« Brava Dulce, avait dit à la fin Atchutchi. Seulement je ne sais pas si on va pouvoir te garder. Je ne les ai jamais vus me mettre une telle pagaille.
Elle avait commencé à venir plus souvent, gagné en aisance au micro, s’était habituée à chanter en même temps que Malan, ajoutant sa couleur, devinant d’elle-même à quels moments rester en retrait et se contenter de doubler les chœurs d’un simple fredonnement, à quels moments au contraire oser une phrase qui les étourdissait tous de grâce.
Un soir de concert la petite Dulce était devenue Dulce tout court, connue de la ville entière, célébrée même par un journaliste qui ne s’était pas trompé en l’appelant la nouvelle arme secrète du Mama Djombo.
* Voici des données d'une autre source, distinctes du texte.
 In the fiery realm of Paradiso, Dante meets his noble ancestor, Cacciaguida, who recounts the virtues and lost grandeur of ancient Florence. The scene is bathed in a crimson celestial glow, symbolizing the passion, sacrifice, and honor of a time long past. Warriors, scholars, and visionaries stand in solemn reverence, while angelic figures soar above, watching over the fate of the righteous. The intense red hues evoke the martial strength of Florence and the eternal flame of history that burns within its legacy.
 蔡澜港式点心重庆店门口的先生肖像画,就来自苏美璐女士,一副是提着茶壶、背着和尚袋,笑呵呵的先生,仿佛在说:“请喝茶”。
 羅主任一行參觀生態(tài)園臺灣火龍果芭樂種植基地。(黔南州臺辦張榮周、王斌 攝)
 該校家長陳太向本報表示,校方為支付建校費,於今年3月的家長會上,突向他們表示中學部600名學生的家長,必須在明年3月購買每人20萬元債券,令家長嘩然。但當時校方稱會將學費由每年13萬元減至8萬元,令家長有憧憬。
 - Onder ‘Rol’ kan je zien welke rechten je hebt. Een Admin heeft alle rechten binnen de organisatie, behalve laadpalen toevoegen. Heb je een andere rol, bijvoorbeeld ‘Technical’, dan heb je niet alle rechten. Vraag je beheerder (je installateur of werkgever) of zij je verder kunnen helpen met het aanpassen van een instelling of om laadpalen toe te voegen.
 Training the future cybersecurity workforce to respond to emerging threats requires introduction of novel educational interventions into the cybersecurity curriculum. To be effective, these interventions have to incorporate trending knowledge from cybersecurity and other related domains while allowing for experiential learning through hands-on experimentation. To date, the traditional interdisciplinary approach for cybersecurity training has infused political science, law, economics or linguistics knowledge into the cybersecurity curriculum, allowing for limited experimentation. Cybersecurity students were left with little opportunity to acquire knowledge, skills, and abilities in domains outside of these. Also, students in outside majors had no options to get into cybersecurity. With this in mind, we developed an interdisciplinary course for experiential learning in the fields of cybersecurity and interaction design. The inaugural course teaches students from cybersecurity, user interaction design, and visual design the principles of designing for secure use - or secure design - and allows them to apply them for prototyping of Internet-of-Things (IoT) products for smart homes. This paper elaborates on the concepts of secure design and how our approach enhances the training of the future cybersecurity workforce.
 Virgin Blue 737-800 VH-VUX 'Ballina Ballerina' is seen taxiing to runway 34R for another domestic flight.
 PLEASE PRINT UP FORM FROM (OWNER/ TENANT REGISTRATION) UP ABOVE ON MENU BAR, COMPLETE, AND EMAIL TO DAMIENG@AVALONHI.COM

Le lendemain du concert à Bubaque il y en avait eu un deuxième, dans un minuscule bar de la ville, une soirée qui s’était éternisée et où Couto avait bien cru que la bière aidant ce chacal de Chico allait lui brûler la politesse. Mais le matin au réveil, c’était sa nuque à lui que Dulce était venue effleurer en se levant. »
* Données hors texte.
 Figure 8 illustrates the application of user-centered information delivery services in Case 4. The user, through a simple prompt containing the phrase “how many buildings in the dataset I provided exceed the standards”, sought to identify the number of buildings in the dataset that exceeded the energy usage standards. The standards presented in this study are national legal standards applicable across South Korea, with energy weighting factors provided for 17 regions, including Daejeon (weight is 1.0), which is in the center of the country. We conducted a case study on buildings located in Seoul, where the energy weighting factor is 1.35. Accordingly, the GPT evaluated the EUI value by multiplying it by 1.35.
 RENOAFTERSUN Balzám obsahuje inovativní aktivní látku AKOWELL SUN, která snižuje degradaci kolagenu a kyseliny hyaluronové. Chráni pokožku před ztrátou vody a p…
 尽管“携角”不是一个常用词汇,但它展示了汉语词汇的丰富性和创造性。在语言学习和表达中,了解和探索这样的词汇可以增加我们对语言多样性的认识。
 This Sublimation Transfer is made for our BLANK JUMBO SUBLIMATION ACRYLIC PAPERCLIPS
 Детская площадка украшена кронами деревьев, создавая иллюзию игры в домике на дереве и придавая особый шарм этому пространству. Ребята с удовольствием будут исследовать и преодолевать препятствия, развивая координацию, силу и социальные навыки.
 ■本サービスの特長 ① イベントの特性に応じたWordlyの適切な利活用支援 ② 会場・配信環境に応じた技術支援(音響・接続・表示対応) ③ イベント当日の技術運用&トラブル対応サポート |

Guinée-Bissau, 2012. Guitariste du Mama Djombo, un groupe fameux de la fin des années 1970, Couto vit d’expédients. Alors qu’un coup d’État se prépare, il apprend la mort de Dulce, la chanteuse. Le soir tombe sur la capitale, les rues bruissent, Couto déambule. Dans ses pensées trente ans défilent, souvenirs d’une femme aimée, de la guérilla contre les Portugais, mais aussi des années fastes d’un groupe qui joua une musique neuve, portée par l’élan et la fierté d’un pays. Au cœur de la ville où l’on continue de s’affairer, indifférent aux premiers coups de feu qui éclatent, Couto et d’autres anciens du groupe ont rendez-vous : c’est soir de concert au Chiringuitó.
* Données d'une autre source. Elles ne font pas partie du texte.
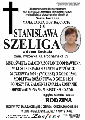 Podhale24.pl zastrzega sobie prawo do nie publikowania wspomnień, w szczególności tych nie związanych z profilem działu nekrologi, zawierających wulgaryzmy, wzywających do zachowań niezgodnych z prawem, obrażających osoby publiczne i prywatne, obrażających inne narodowości, rasy, religie itd, oraz te, bez możliwości telefonicznej lub mailowej weryfikacji ich autora.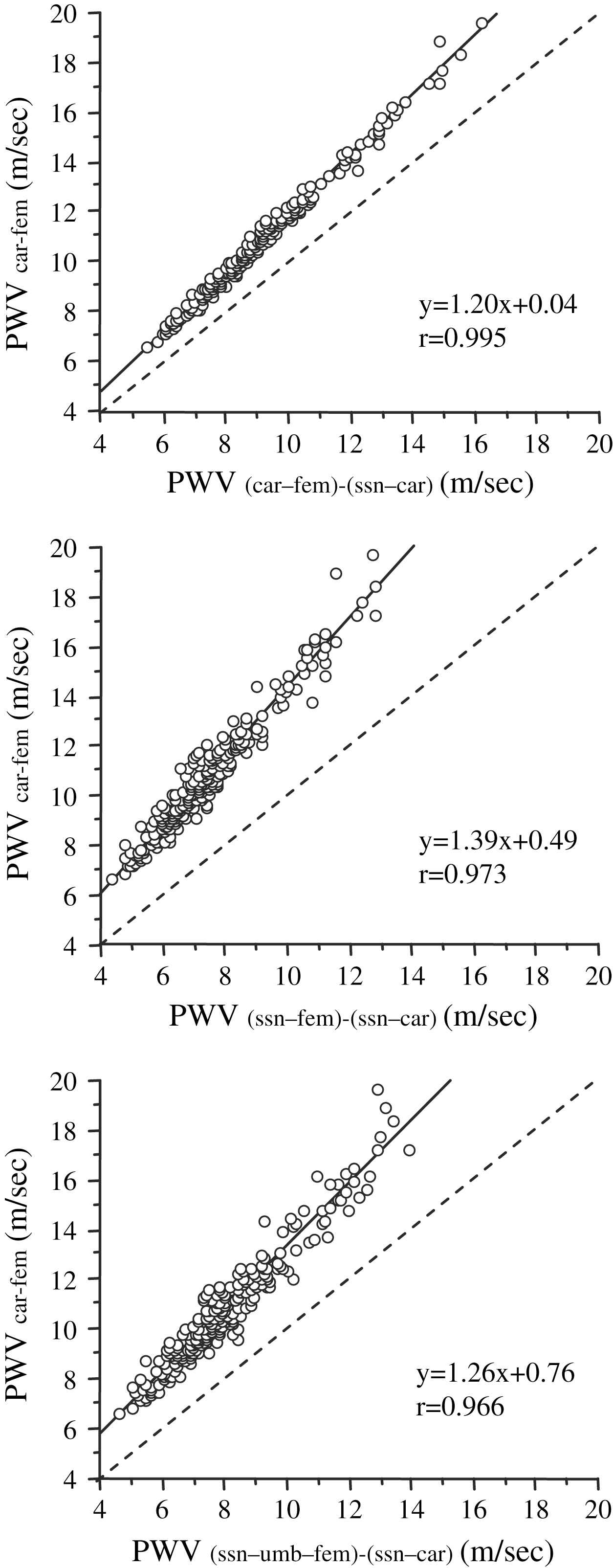 Results: All the calculated PWV were significantly correlated with each other (r = 0.966–0.995). PWVs accounting for carotid arterial length were 16–31% lower than PWVcar–fem. PWVcar–fem value of 12 m/s corresponded to 8.3 m/s for PWV(ssn–fem)−(ssn–car), 10.0 m/s for PWV(car–fem)−(ssn–car), and 8.9 m/s for PWV(ssn–umb–fem)−(ssn–car).

Tout d’abord mettez Super Mama Djombo en fond musical. Pour ma part, ils m’auront accompagnée pendant 3 jours ! Puis une fois imprégné de l’ambiance douce, chaude et sensuelle du goumbé vous pouvez commencer votre lecture. Laissez vous alors porter par la magie des instruments, un amour pour une femme à la voix transcendante, comme un refrain que vous ne pourrez jamais oublier, un hommage à la musique et à l’amitié, une journée au rythme du quotidien des habitants de Bissau. Sur fond de dictature et d’exils, Sylvain Prudhomme célèbre le groupe Mama Djombo, un pays, un mélange des générations et des cultures. J’ai passé un excellent moment !
Ce roman nous transporte dans les coulisses d’un groupe de musique dont les membres partagent ensemble des émotions très fortes sur scène comme au quotidien. C’est l’histoire d’une amitié indéfectible. Sous forme de documentaire mais dans le même esprit, j’ai tout de suite pensé au film Buena Vista Social Club de Wim Wenders. Je crois que j’ai rapidement prêté les traits d’Ibrahim Ferrer au personnage de Couto. L’histoire d’amour qui s’est tissée entre Couto et Dulce, bousculée par la célébrité et les occasions manquées, m’a replongée dans le magnifique dessin animé Chico et Rita de Fernando Trueba et Javier Mariscal. Ce roman est un mélange de saveurs, de nombreux échos au monde de la musique et à mes expériences cinématographiques passées. L’ouvrage, excellemment bien rythmé, se déroule sur une journée, dont on ressent toutes les ambiances, de la douceur du matin, à la nostalgie du soir, en passant par les bruissements de l’après-midi. Chacun rend hommage à Dulce à sa façon. Il y a mille et une manières de célébrer quelqu’un, de faire en sorte que personne ne l’oublie, la voix de Dulce continuera de résonner dans le cœur de tous. J’ai trouvé très émouvant le passage où les membres contactent leur ami Malan, exilé à Paris, qu’ils n’appellent que pour les mauvaises nouvelles. J’ai également aimé l’espoir, la transmission d’une génération à l’autre de la musique, se perpétuant au travers du jeune groupe de rap, intelligent et impertinent.
Seul petit bémol, je me suis tellement attachée à cette histoire que j’ai été un peu déçue lorsque j’ai compris que le personnage principal de Couto était fictif. Mise à part cette petite déception, je vous recommande fortement ce très joli roman.
Sylvain Prudhomme est auteur de romans mais également de reportages. Nombre d’entre eux portent sur l’Afrique où il a vécu et travaillé.
Les grands a été désigné « révélation française de l’année 2014 » par le magazine Lire. L’auteur entretient de très bonnes relations avec deux anciens membres du groupe Super Mama Djombo avec qui il crée des lectures musicales.
247 p., Éditions Gallimard, Collection l’Arbalète (2014), Collection Folio pour le format poche.